Проигнорировав поздравление, Сохраб глянул на отца.
– Ты уже на весь мир об этом раструбил?
– Веди себя прилично, – шепотом сказал Густад, стоя лицом к буфету и открывая новую бутылку пива. Голос его, конечно, был отчетливо слышен, но, отвернувшись, можно было сделать вид, что это не так.
Сохраб не сдавался.
– Ты хвастаешь перед всеми этим ИТИ так, будто сам собираешься там учиться. А меня это не интересует, я тебе уже сказал.
– Кончай эти идиотские разговоры. Бог знает, что с тобой случилось в последние дни.
Диншавджи, почувствовав, что надо сменить тему, попытался это сделать.
– Густад, по-моему, твой Дариуш меня дурачит – говорит, что может сделать пятьдесят отжиманий и пятьдесят приседаний.

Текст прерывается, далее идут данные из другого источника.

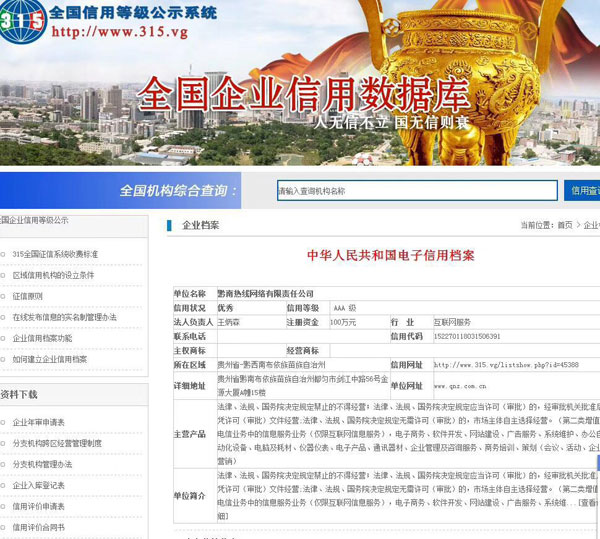 在“全国信用数据库”中的信用档案 黔南热线成立于2005年12月,是黔南州唯一获得《中华人民共和国增值电信经营许可证》及《网络经营许可证》的互联网企业。作为中共黔南州委宣传部领导下的黔南州第一综合门户网站,是我州党委政府指定的对外宣传《权威发布》的主要平台,2015年2月3日,被贵州省通信行业协会、贵州省互联网协会评为“2014年贵州省十佳优秀增值电信业务企业”,2016年10月23日,荣获中国大西南网络新媒体联盟2015-2016年度“十大最具影响力网站”荣誉称号,还连续被评为“黔南州文明单位”,本次AAA信用等级认证的通过是对黔南热线网络有限责任公司服务、管理、诚信的高度肯定,也是对公司价值的最高体现,黔南热线也将继续秉承诚信经营的理念,围绕黔南州综合门户网站的目标,结合党委政府信息化建设的要求和网民的需求做强做大、做深做透。 (编辑:罗春菊 审核编辑:邹骐聪) |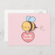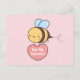 Una postal de saludo con una linda abeja voladora se aferra a un corazón con las palabras de juego de palabras "¡Adquiera mi San Valentín!" ¡Perfecto para el El día de San Valentín de su tristeza!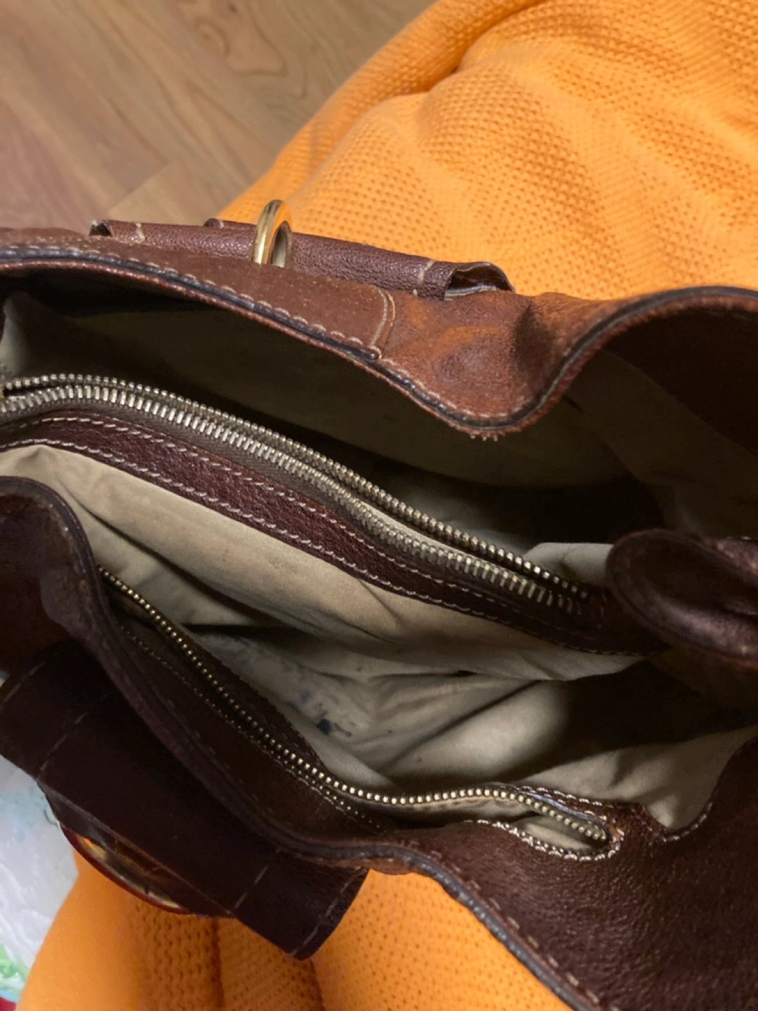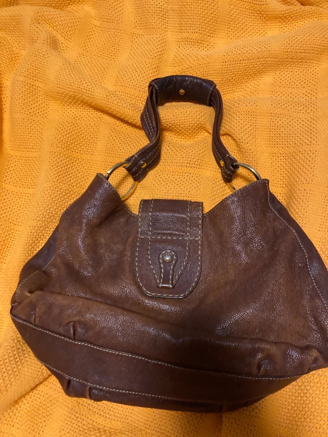 Brown leather hobo bag with gold hardware. Two compartments with zipper middle pocket closure. One smaller pocket on the front.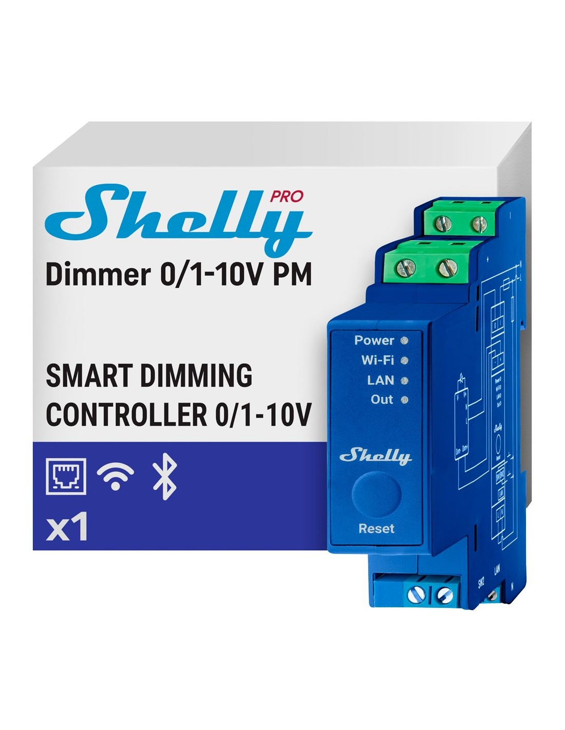 Shelly Pro Dimmer 0/1 - 10V PM - WiFi 2.4 GHz IEEE802.11 b/g/n / Bluetooth - Atenuador inteligente carril DIN - Soporta 110-240 V - Medidor de potencia - Compatible con Alexa y Google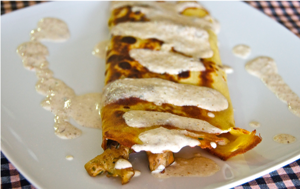 Hacemos la crêpe, la rellenamos con las setas y decoramos por encima con la crema que hemos preparado.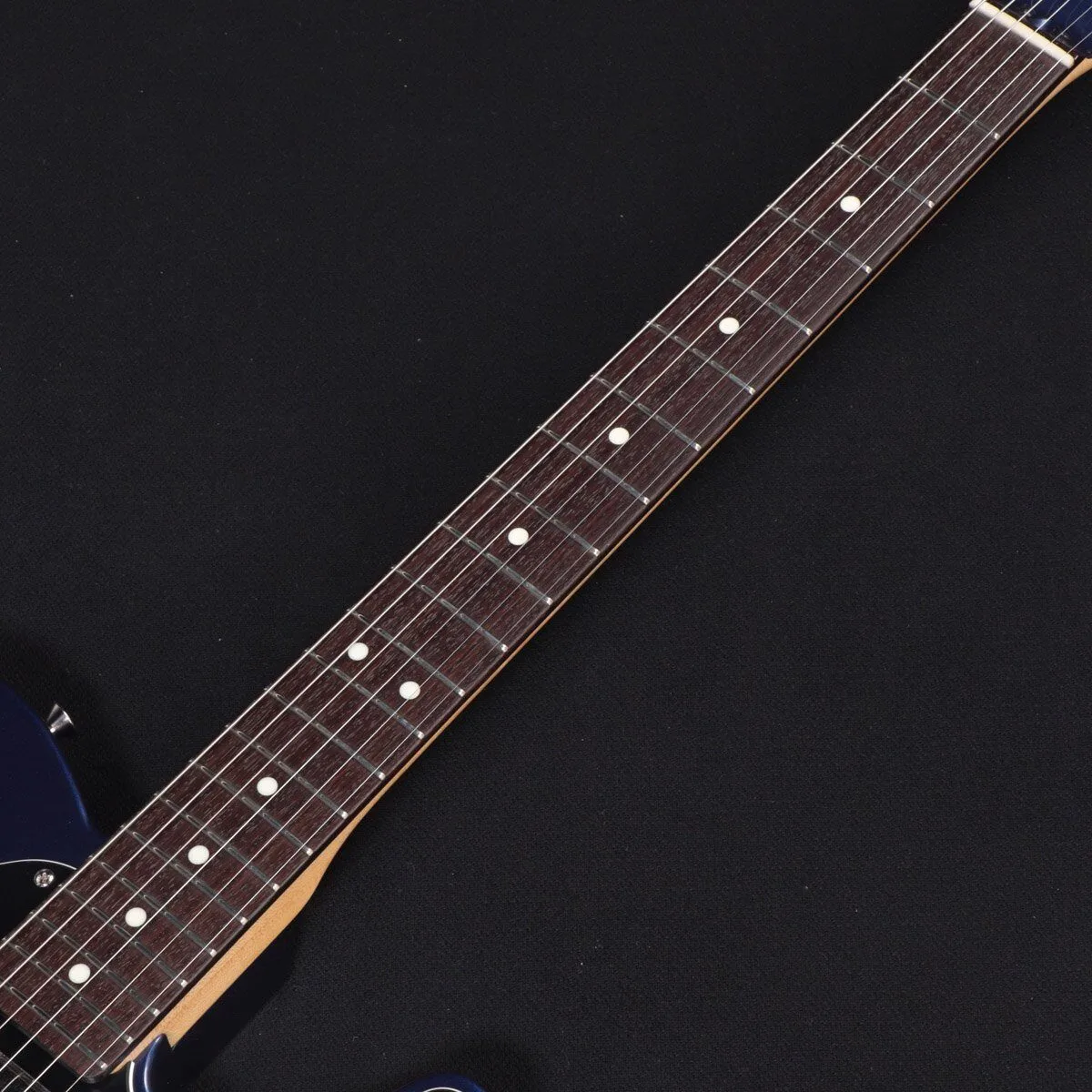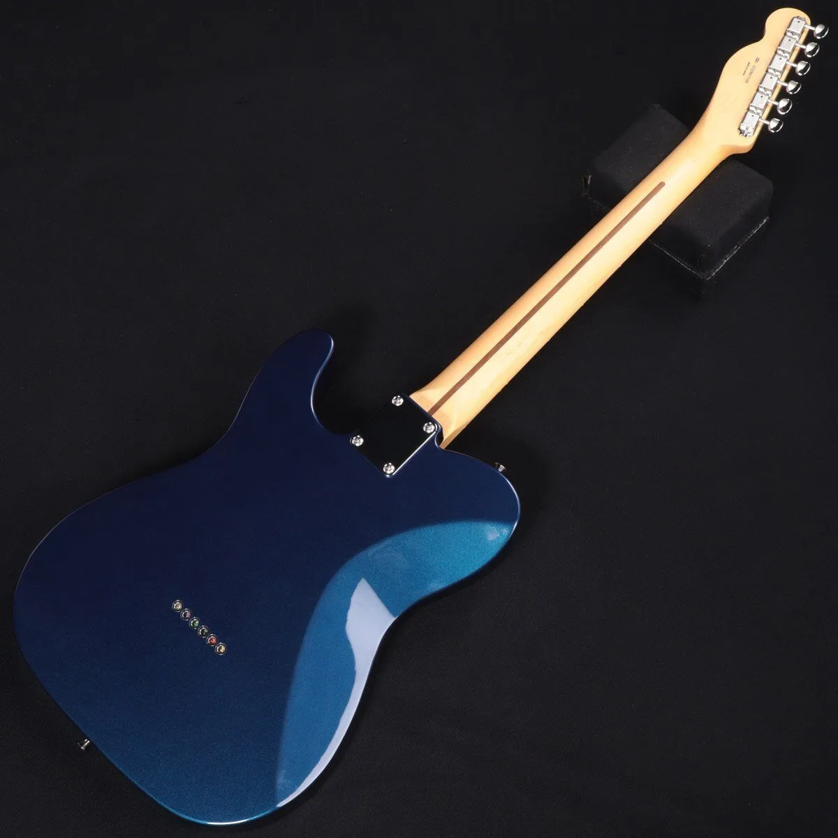 The combination of deep blue, named after the mineral “Azurite”, and black pickguard is very cool.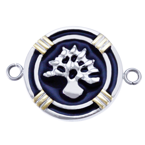 STAINLESS STEEL PENDANT WITH TREE OF LIFE WITH BLACK ENAMEL IN IPG TWO TONE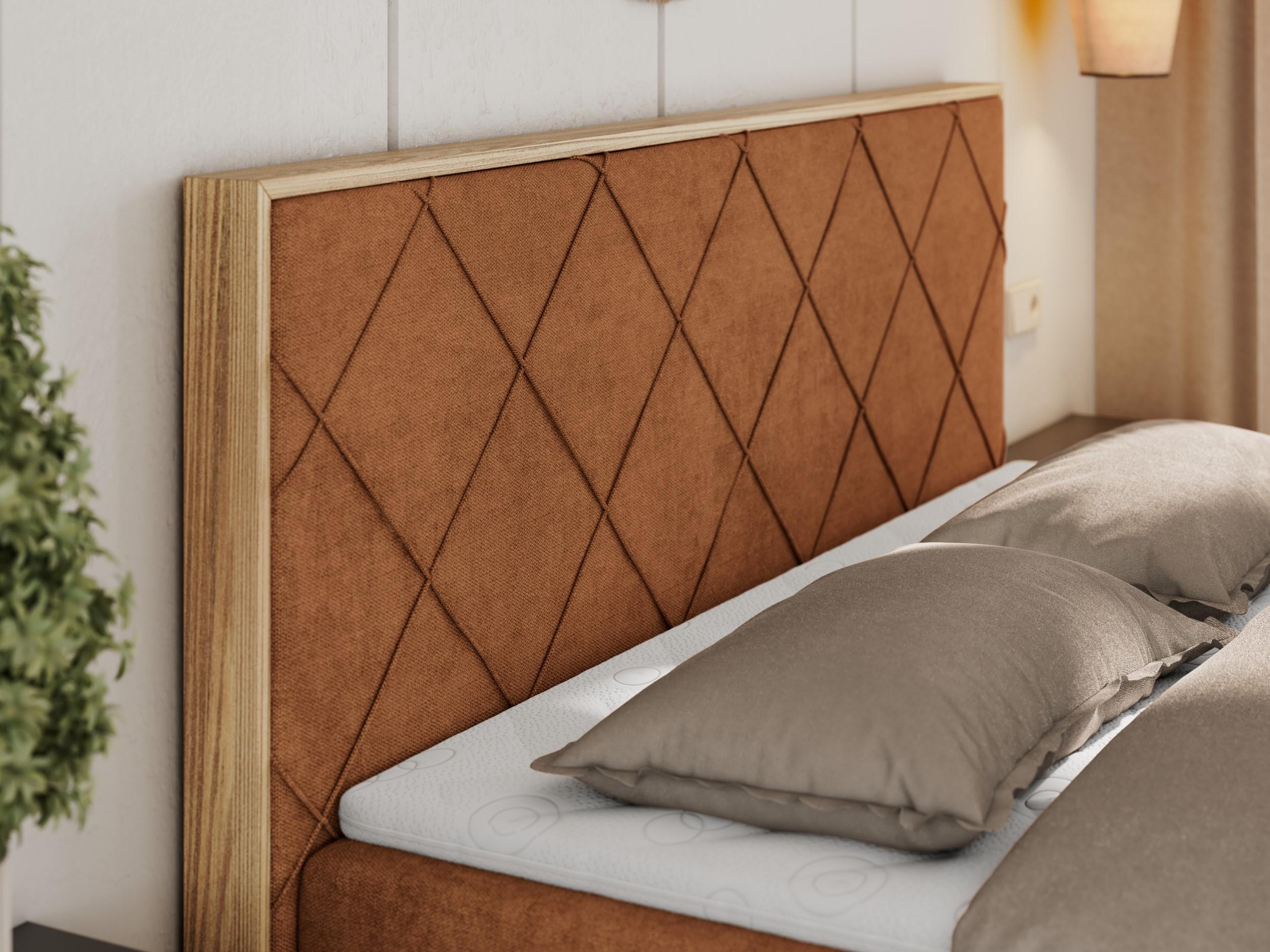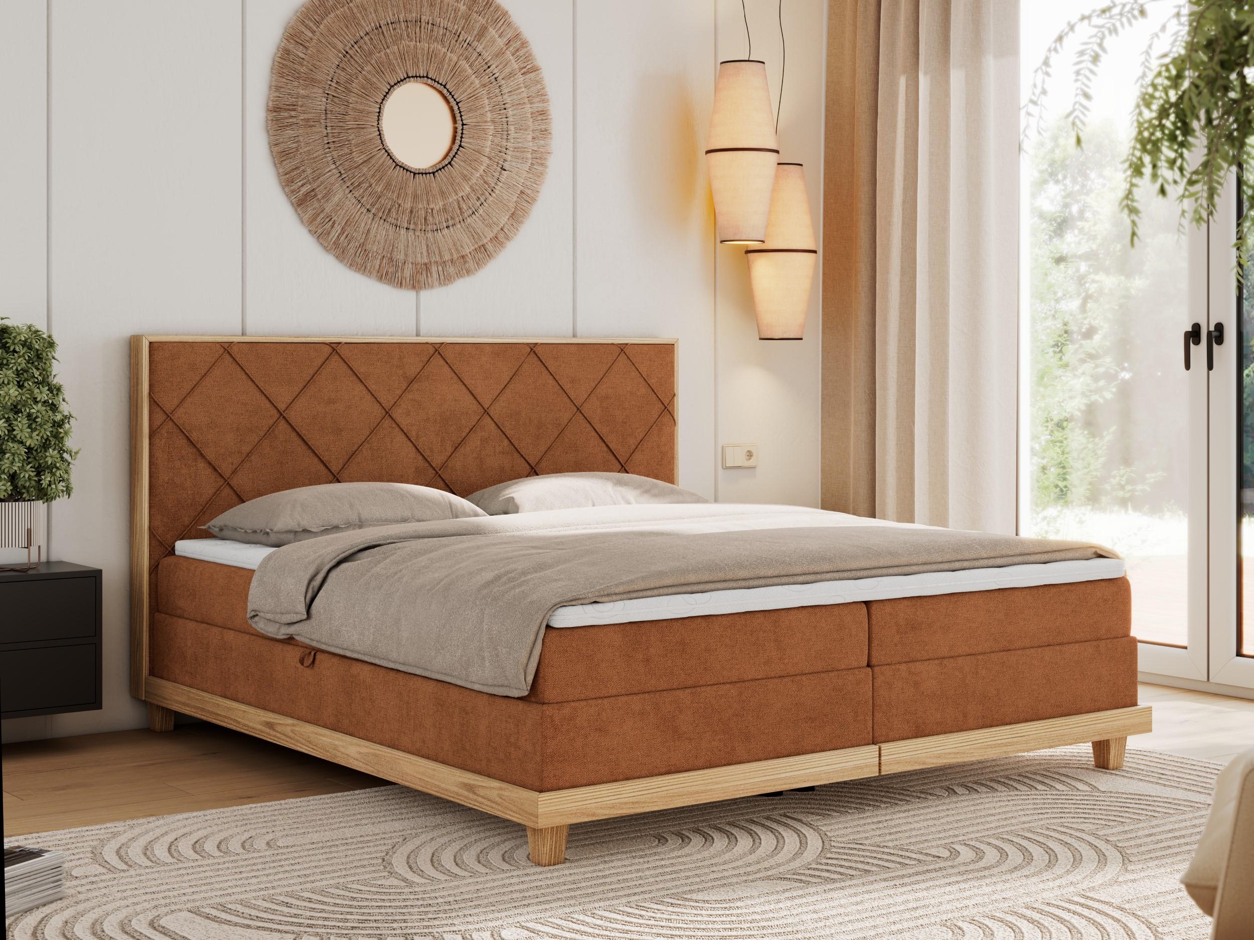 Boxspringbett CAICOS - mit gestepptem Kopfteil, Multipocket-Matratze und Topper, Holzelementen - 160x200 cm - H3 - Orange Strukture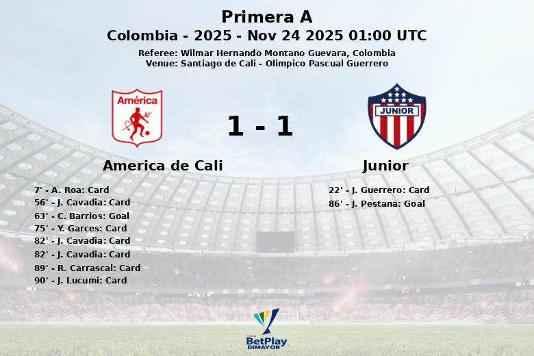 Santiago de Cali, Colombia – En un encuentro cargado de tensión y emociones en el Estadio Olímpico Pascual Guerrero, América de Cali y Junior de Barranquilla igualaron en un partido correspondiente a la fecha del Clausura de la Primera A colombiana. El árbitro Wilmar Hernando Montaño Guevara tuvo una noche ocupada, mostrando varias tarjetas.

Рошан тоже внесла свою лепту:
– Папа, спой песенку про девочку-ослика! В честь моего дня рождения, пожалуйста, пожалуйста, пожалуйста!
Сохраб перебил ее:
– Если никто не претендует, я выпью рома.
Густад после неловкой паузы ответил:
– Ты уверен? Раньше тебе ром никогда не нравился.
– Ну и что?
Густад тяжело вздохнул, сокрушенно развел руками и обернулся к Диншавджи и Дариушу.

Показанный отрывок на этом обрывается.